Following the death of one worker and injury to another at the airport, China Harbour Engineering Company (CHEC) will have to submit an engineer’s report to the Labour Department of the Ministry of Social Protection declaring the area safe, before work can recommence, according to junior Minister Simona Broomes who also revealed that in the company’s agreement no provision was made for the safety of workers.
“It is in the law and one will have to follow suit… All these things are in the law, it is written but for whatever reason they have not been implemented,” the minister told this newspaper in a recent interview during which she said an investigation had been launched into the death.
On September 17, 23-year-old Lui Li, a Chinese national, died at the Cheddi Jagan International Airport expansion project at Timehri after he became trapped in a pit he was working in. Another Chinese national, Zhang Yixun, was injured in the accident.

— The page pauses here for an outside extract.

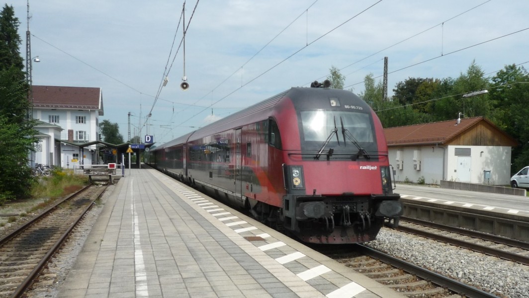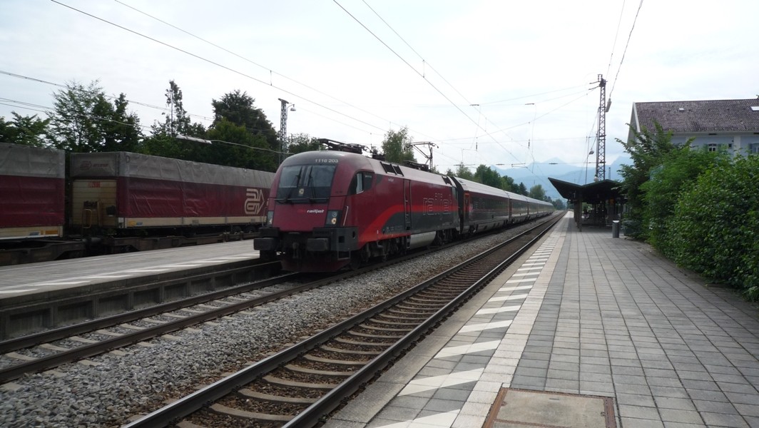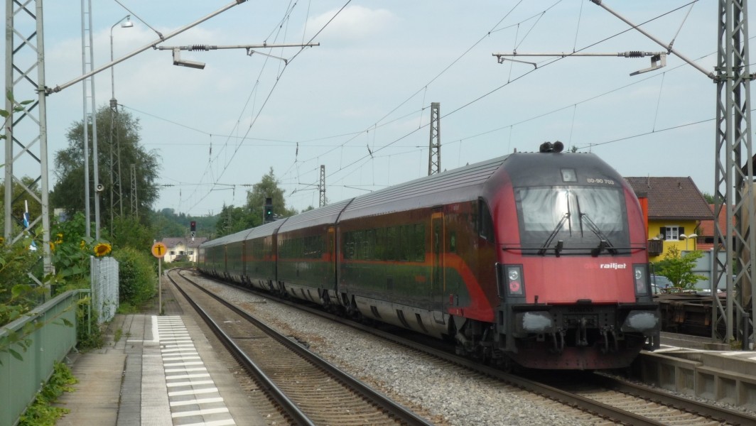 Das ist wirklich sehr knapp, gerade mal 3 Minuten später rauscht der Railjet Budapest-Keleti pu durch Prien und muss dazu das selbe Gleis

According to the minister, initial investigations by her officers have found that no risk assessment was done by the company.
She explained that from photographs she would have seen of the site it appeared that it was an area where sand would have been poured that the workers went to work and it was a case where the sand was too soft and it sucked them in. The injured worker would have been sucked in up to his waist but the minister said because of the language barrier the man was unable to speak to officials further.

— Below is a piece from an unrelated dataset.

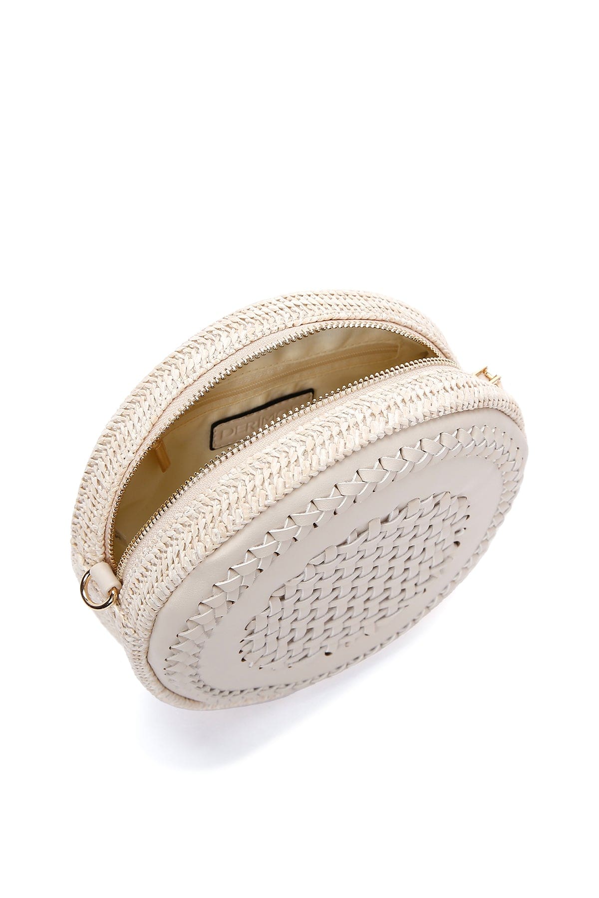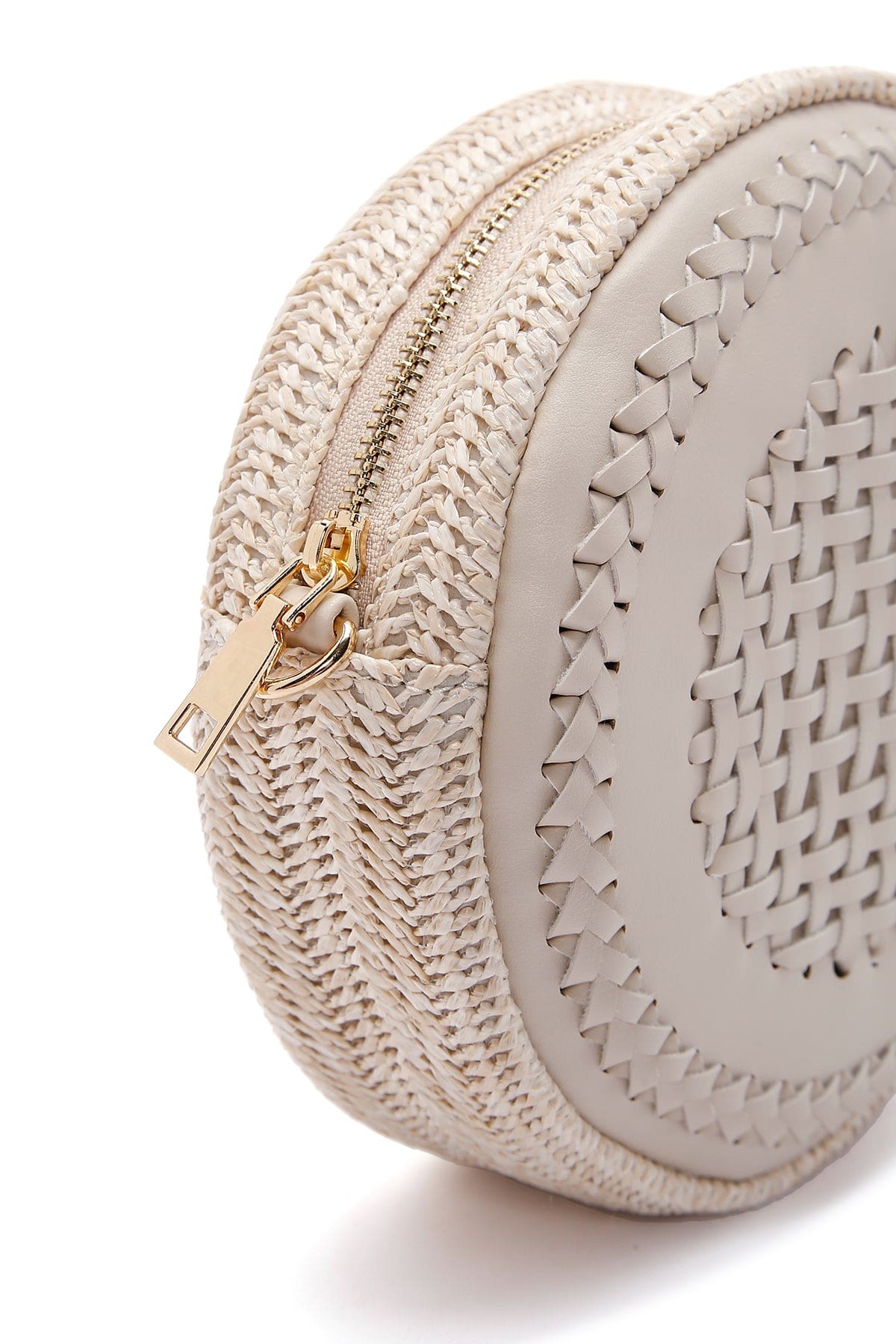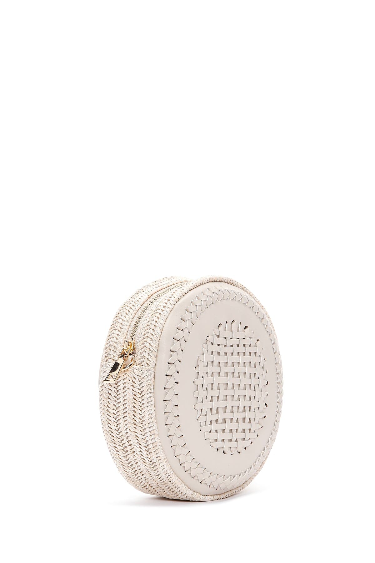 کیف کراس بادی زنانه چرم سفید بافتدار مینی بند بلند دری مد

She said under the Occupational Health & Safety Act provision is made for the ministry to request from the owner of the work site that an engineer inspect the side and send a report to the ministry declaring whether it is safe to continue working.
The minister said when one peruses the agreement which the company signed, it does not cater for the health and safety of the workers.
“I think the past administration neglected workers generally, neglected them completely. How could you have workers…under a contract agreement which does not speak to workers’ health and safety?” she questioned.
According to the minister, the young man would not have been in Guyana for very long and neither he nor his injured colleague had work permits. There was no contract that they signed which stipulated the terms and conditions of their employment.